Talk to your partner: Why do you think citizens wanted the government to become more “ACTIVE”?

John Maynard Keynes He was FDR’s economic guru during the Great Depression. He advised the president that the only way to bring the economy out of a recession was for the government to play a more active role in the economy ( spend money ). Therefore, Keynes is noted for being the founder of fiscal policy. Fiscal Policy greatly increased the role of the government in the United States.

Talk to your partner: In what way is Keynes’ advice to FDR different from the policy of laissez-faire?

Problem: Recession/Depression SOLUTION: –The government pursues an expansionary fiscal policy: Increasing government spending Decreasing taxes The intention is to increase GDP and lower unemployment =Expansionary Fiscal Policy

Talk to your partner: How does increasing government spending and/or lowering taxes help fight the problem of a recession???

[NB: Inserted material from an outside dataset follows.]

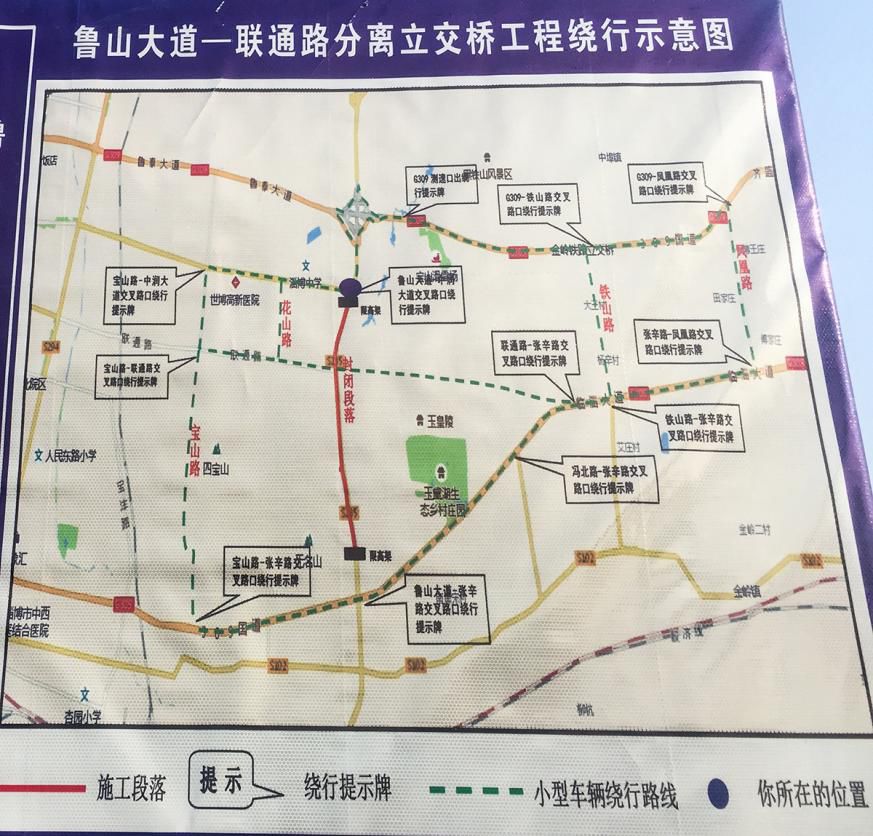 鲁山大道上的三座立交桥,目前均在规划建设中,因此,部分道路施行交通封闭,像受联通路-鲁山大道分离立交桥工程建设影响,鲁山大道(中润大道—张辛路以北)路段实行交通密闭,封闭开始时间暂未明确,截止时间为今年11月30日,届时,过境车辆要绕行G205、S102,小型车辆需绕行宝山路、花山路、铁山路、凤凰路。

Problem: Inflation (prices rising) SOLUTION: –The government pursues a contractionary fiscal policy Decreasing government spending Increasing taxes The intention is to lower/slow down rising prices = Contractionary Fiscal Policy

Talk to your partner: How does decreasing government spending and/or increasing taxes help to fight the problem of inflation???

Wrap-Up 1.What are the 2 extremes of the business cycle? 2.What type of fiscal policy should be pursued to fight a recession? 3.What type of fiscal policy should be pursued to fight inflation? 4.Who’s the founder of Fiscal Policy? 5.What does laissez-faire mean?